As the story goes, when Alexander the Great visited the Greek philosopher, Diogenes at the wine barrel in which he lives, and offered to fulfill a wish for him, Diogenes simply replied “Stand out of my light” (Read: Dude, you’re blocking my sun).
Diogenes was a piece of work. Known for a sharp tongue, he routinely insulted famous personages, lectured shoppers in the marketplace, and founded the school of cynicism (in fact, the word cynic is related to the Greek word for dog, though it’s unclear if cynicism is named for Diogenes’s affinity for canines, or for his teacher’s school which was called “The Temple of The White Dog”).

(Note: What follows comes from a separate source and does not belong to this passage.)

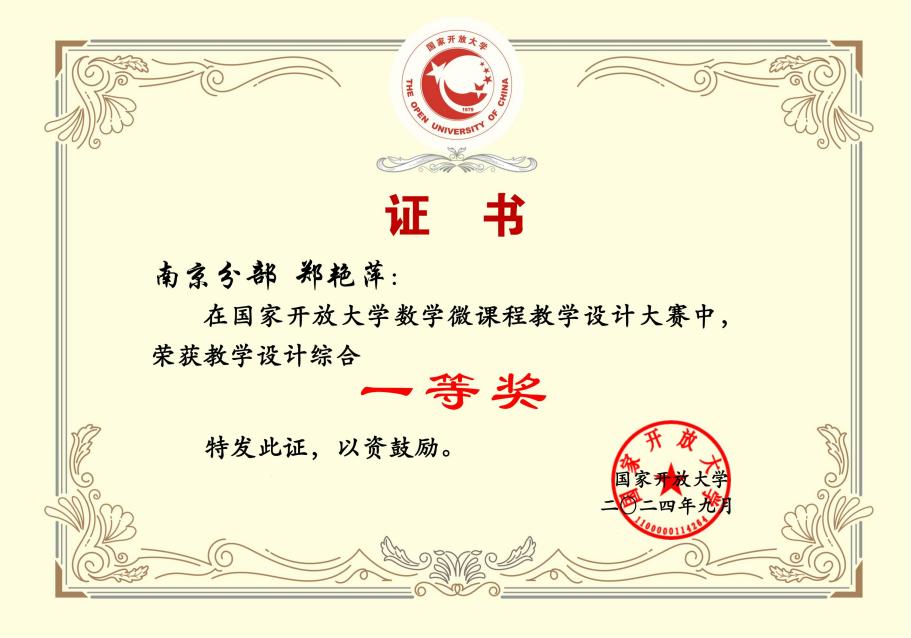 日前,国家开放大学公布了数学微课程教学设计大赛获奖名单。我校报送的两项作品均斩获佳绩,数字财商学院教师郑艳萍作品《极限的运算》荣获教学设计综合一等奖,智能工程学院教师宋彩虹作品《旋转体体积的计算》荣获教学设计综合三等奖。

There wasn’t much Diogenes didn’t made fun of, but he apparently related to dogs and once described himself as a hound of the sort that men praise, but with whom no one will go hunting. When a group of wealthy Athenians at a banquet began throwing bones at Diogenes and called him a dog. Diogenes responded by lifting his leg and urinating on them. Legend says he died of an infected dog bite, and it’s said that the Corinthians erected to his memory a pillar (long disappeared) on which rested a dog carved of Parian marble.
Edwin Landseer’s depiction of the famous meeting between Alexander and Diogenes was given an allegorical twist by portraying the two giants of history as dogs. Alexander was the proud, strutting Bulldog surrounded by sniveling smaller dogs, while Diogenes, portrayed as a mutt living in an barrel, was utterly unimpressed with Alexander’s grandeur and pomposity. Two hounds in the background waiting solemnly for their master hold their heads up high as if the neighborhood around them isn’t good enough for them. It’s said that this famous piece of art influenced Walt Disney in the creation of the 1955 classic, Lady and the Tramp.